To extract node representations with explicit semantic information, we use a combination of fine-grained and coarse-grained labels from the DeLTA dataset. These labels provide a more detailed understanding of the different types of environmental sounds and their relationships. We then build local context-aware graphs (LcGs) for each node using these representations, which allows us to capture the unique characteristics of each sound source in a particular context.
The next step is to fuse these LcGs using attention mechanisms, which enables the model to selectively focus on the most relevant nodes when computing the representation of a given sound source. This approach not only improves the accuracy of localization but also provides a more detailed understanding of the relationships between different sound sources.
In addition, we propose a hierarchical graph representation learning (HGRL) method that combines both local and global information to enhance the common objective representations of the same node in different contexts. This allows the model to capture the complex relationships between different sound sources and their contextual variations.

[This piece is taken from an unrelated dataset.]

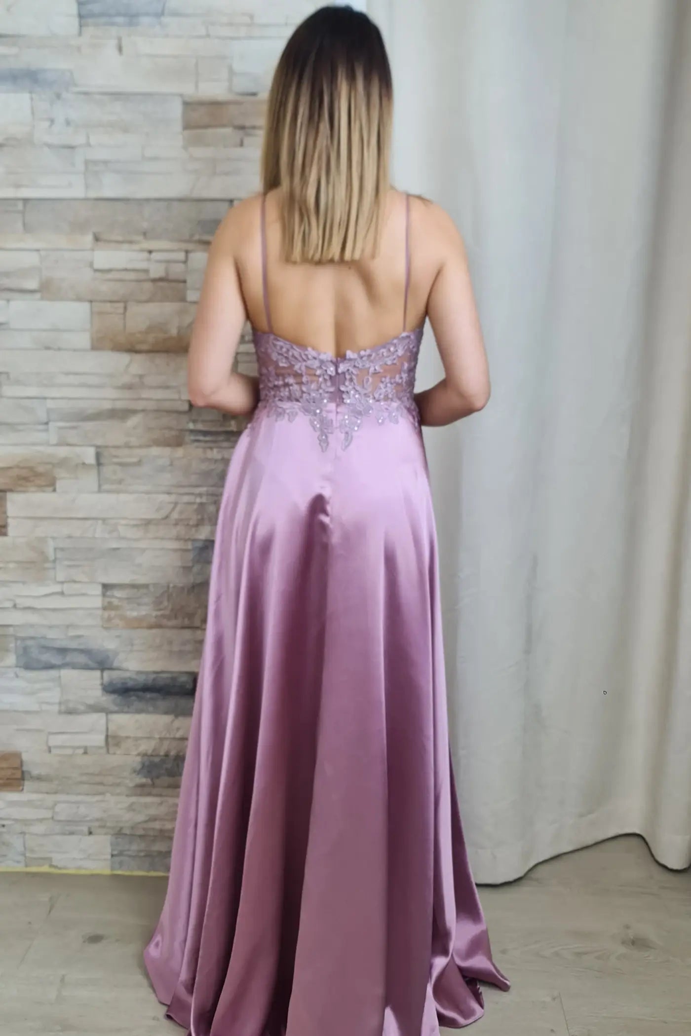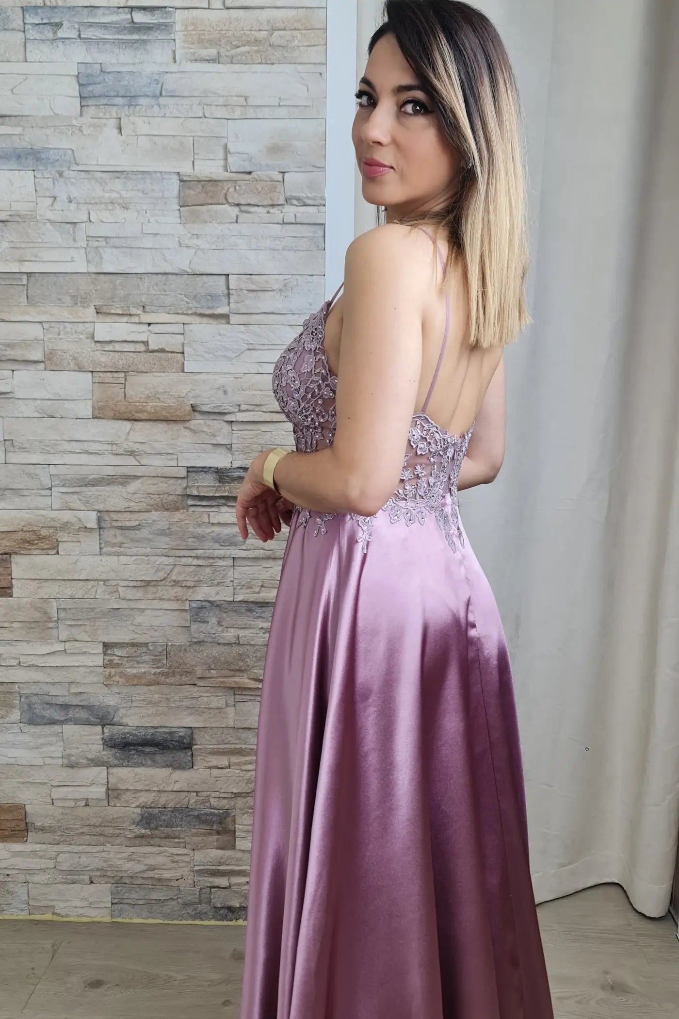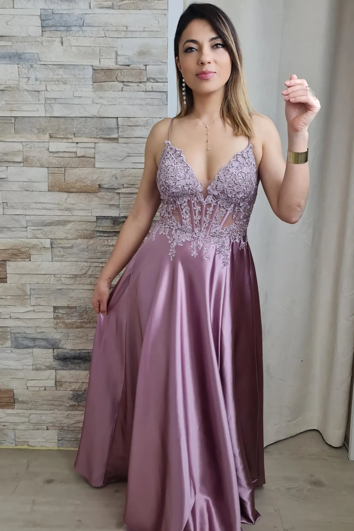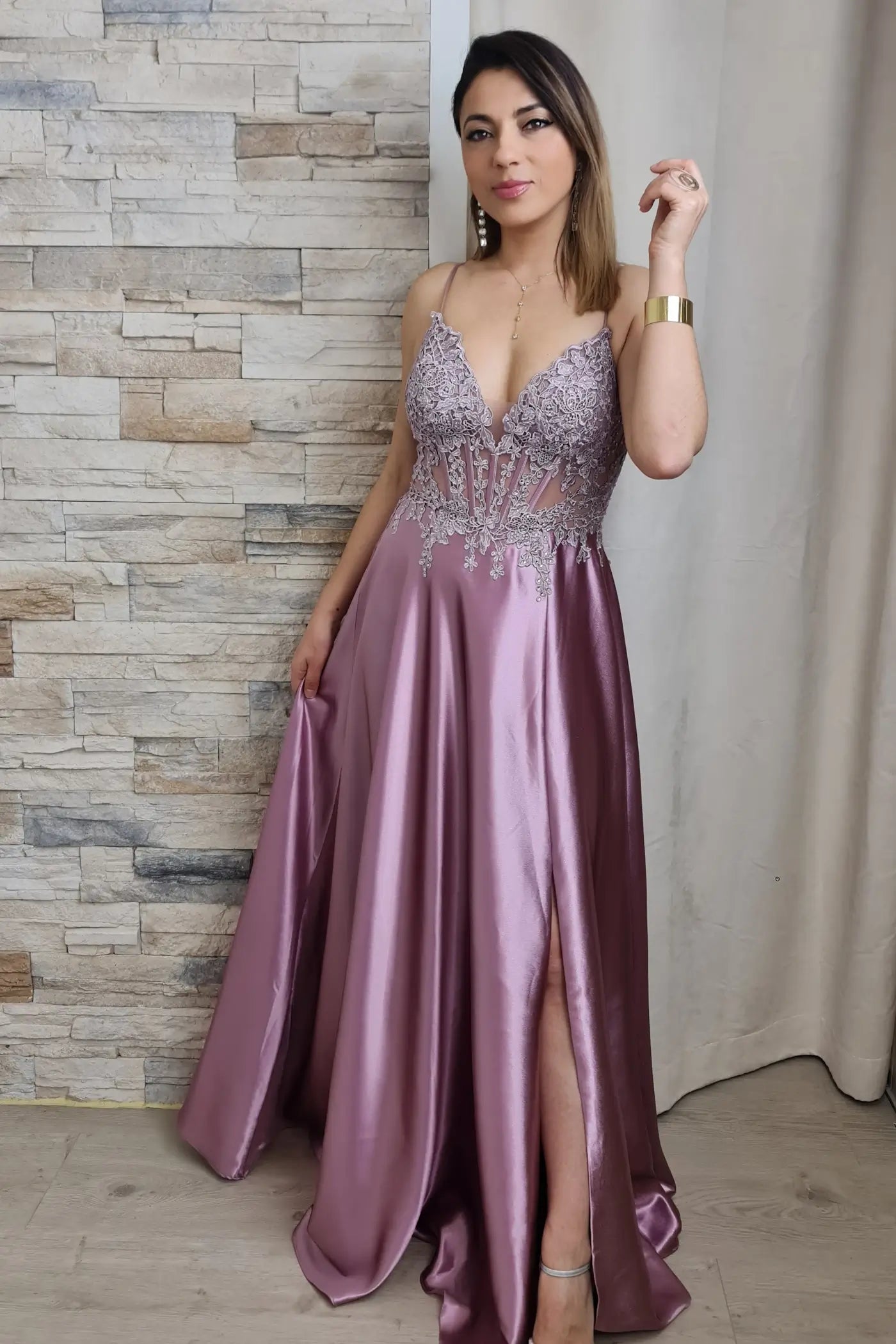 O vestido é longo e elegante, na cor rosa. Possui alças finas e um decote em V profundo com detalhes em renda floral que se estendem pelo corpete, criando um efeito visual delicado e sofisticado. O corpete é estruturado, com detalhes que lembram um espartilho, valorizando a silhueta. A saia é longa e fluida, com um bom caimento e um leve brilho acetinado.

The contributions of this work are threefold: Firstly, MLGL provides higher explainability for its reliance on local and global context-aware graphs, which can help developers better understand how the model is making predictions. Secondly, MLGL outperforms traditional CNN-based models by leveraging graph neural networks that capture the relations between nodes well. Finally, MLGL shows that AEs from some sources significantly correlate with AR, which is consistent with human perception of these environmental sound sources.
In summary, our proposed MLGL model offers a more comprehensive and accurate approach to sound source localization by incorporating both local and global context-aware information. By using attention mechanisms and hierarchical graph representation learning, we can better capture the complex relationships between different sound sources and their contextual variations.